Her alanda tartışmaya açık olmayan bazı standartlar var artık. Bu standartların toplamından hasıl olan sonuca da “hayat kalitesi” deniyor. Milyonlarca insana günün neredeyse her saati medyatik araçlar vasıtasıyla bir bombardıman halinde bu standartlar hatırlatılıyor, hayatlarının kalitesizliklerinden kurtulmaları için telkinlerde bulunuluyor.

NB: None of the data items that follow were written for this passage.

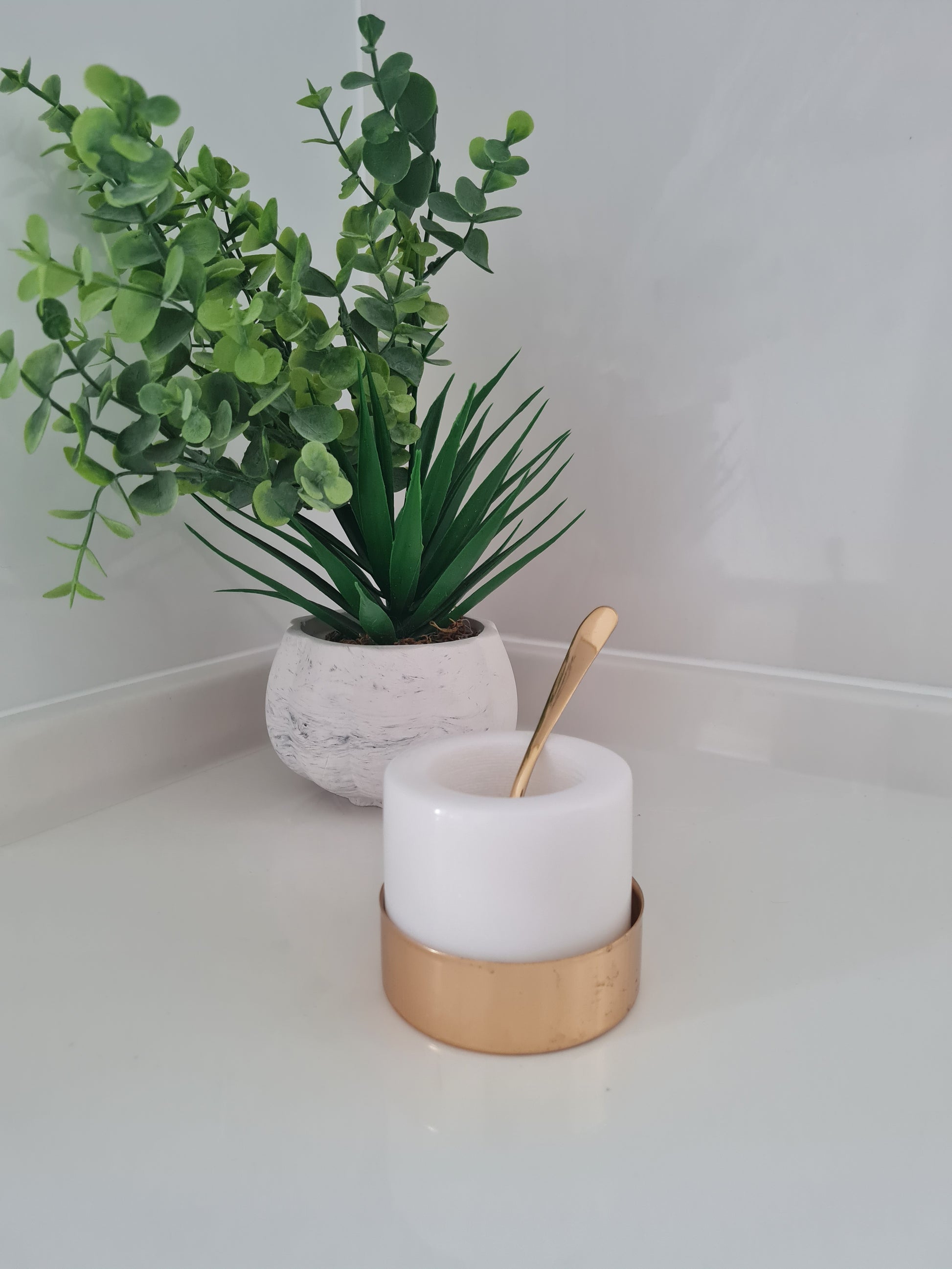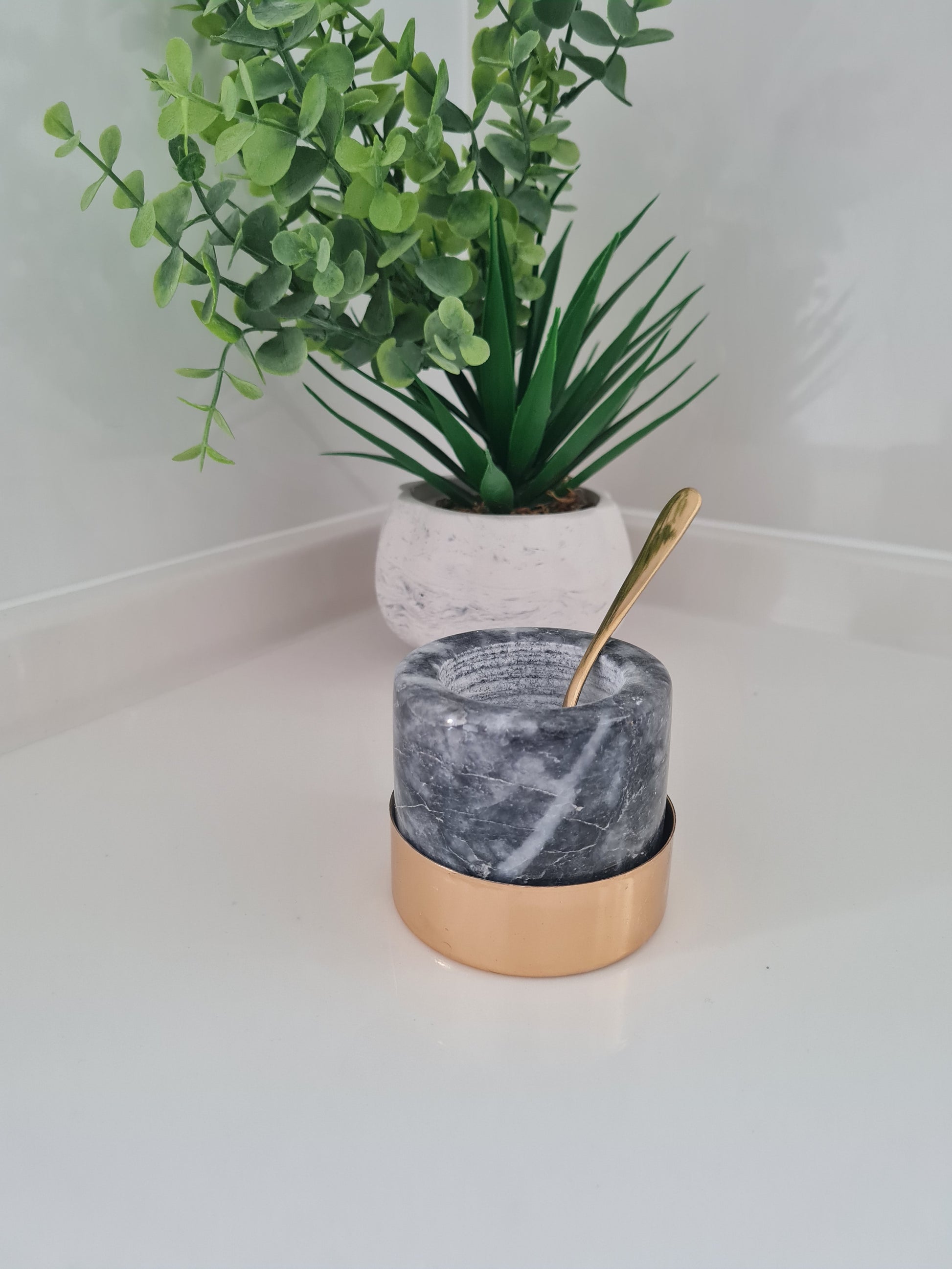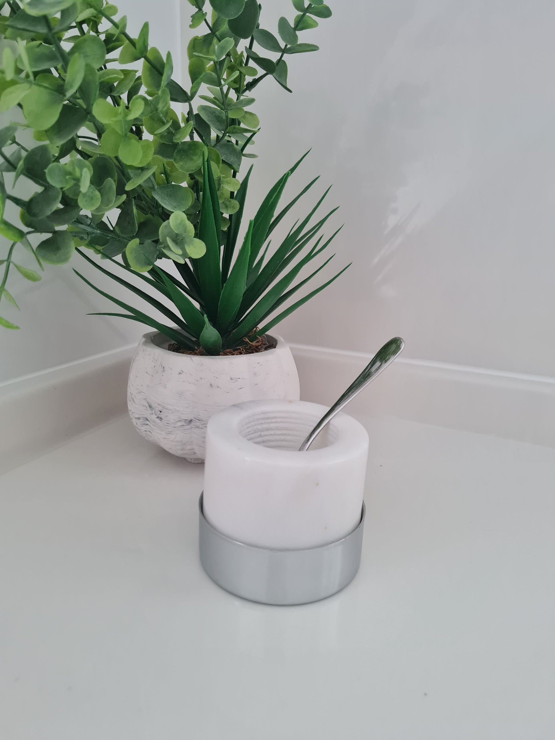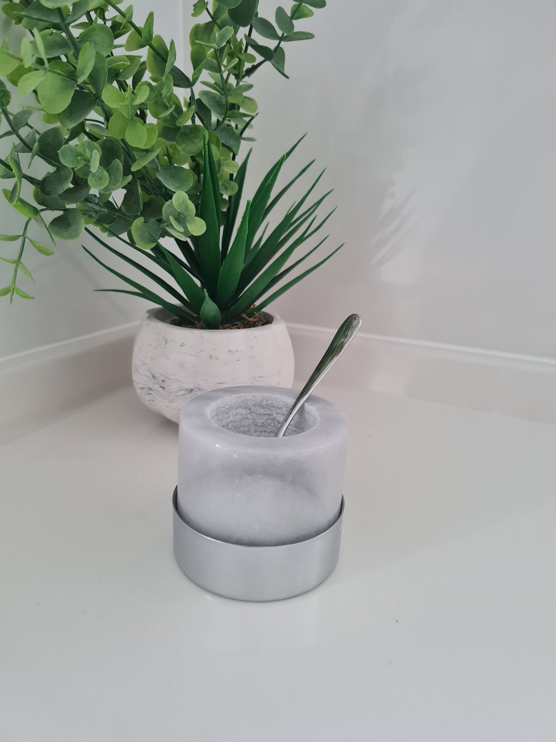 2er Set Marmor Gewürzschale mit Metallhalter und Löffel
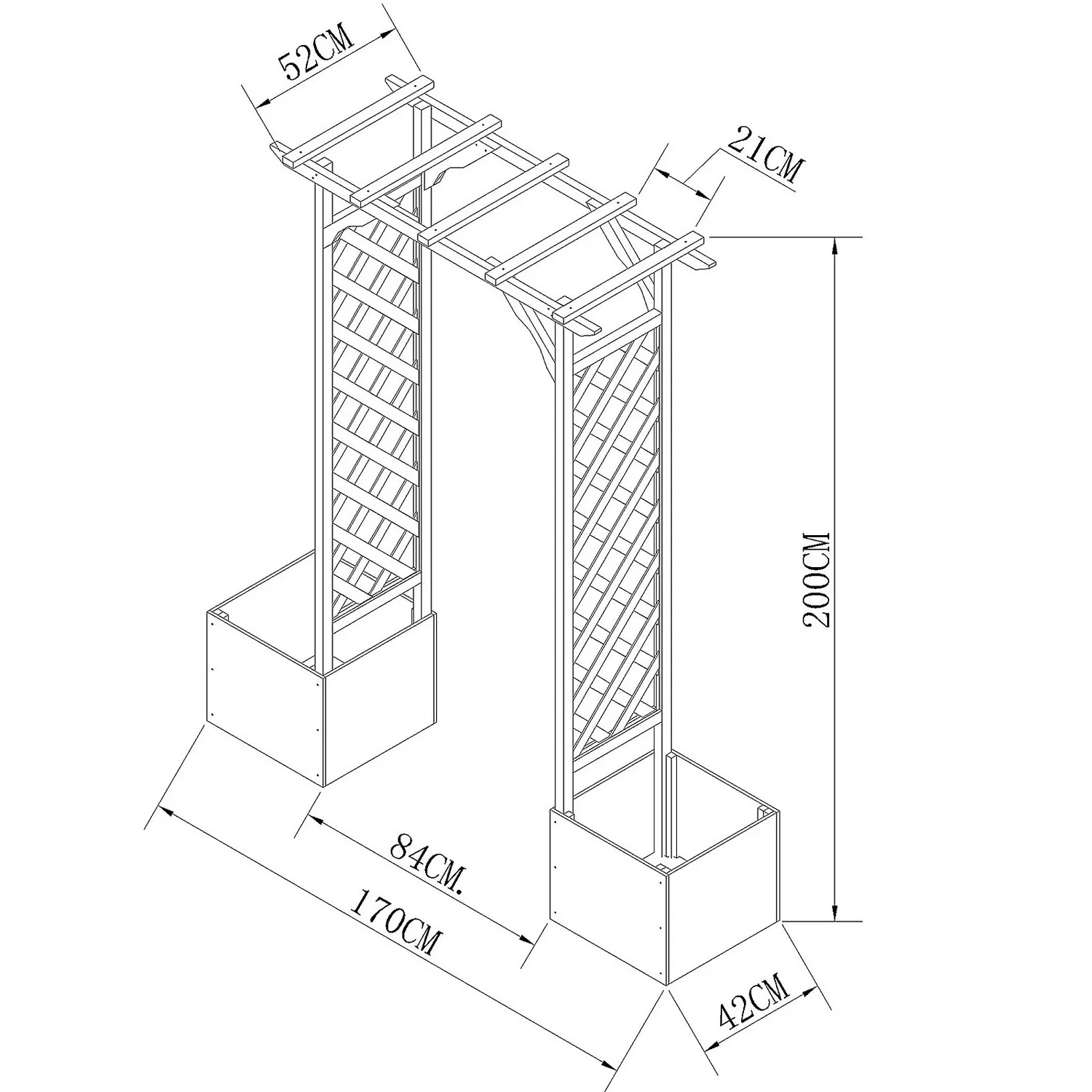 This beautiful garden arch with trellis and side planters will add height and interest to your garden and provide sturdy support for your climbing plants. Add plants such as climbing roses or clematis to trail over the arch and add bedding plants and shrubs to the side planters to create a stunning display.
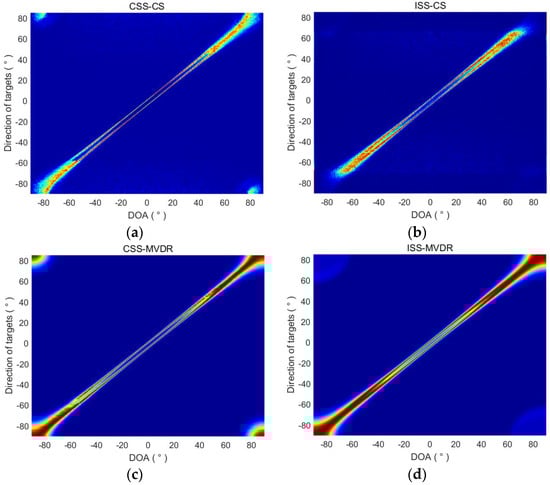 DOA estimation results of CSS-CS, ISS-CS, CSS-MVDR and ISS-MVDR in terms of target directions. (a) DOA estimation results of CSS-CS; (b) DOA estimation results of ISS-CS; (c) DOA estimation results of CSS-MVDR; (d) DOA estimation results of ISS-MVDR

Soframıza kaç tabak koyacağımızdan neyi neyle beraber hangi yöntemle pişirip yiyeceğimize, karnıyarığın içine ne koyacağımızdan hangi ekmeği seçeceğimize kadar midemize giden yol üzerinde mümessillikler açmış durumdalar. Eski usul sofralar demode, yanlış, sağlık dışı, cahilane bulunuyor. Doğrusunu elbette sadece ve sadece onlar biliyor.
Yazın nereye gideceğimize, nerede kalacağımıza, nereleri gezeceğimize, hangi etkinliklere katılacağımıza, ne yiyip ne içeceğimize, hediye olarak ne alacağımıza da onlar karar veriyor. Bunları yapmazsak tatil kalitemiz düşüyor, sıradanlığa, banalliğe, trend dışılığa mahkum oluyoruz.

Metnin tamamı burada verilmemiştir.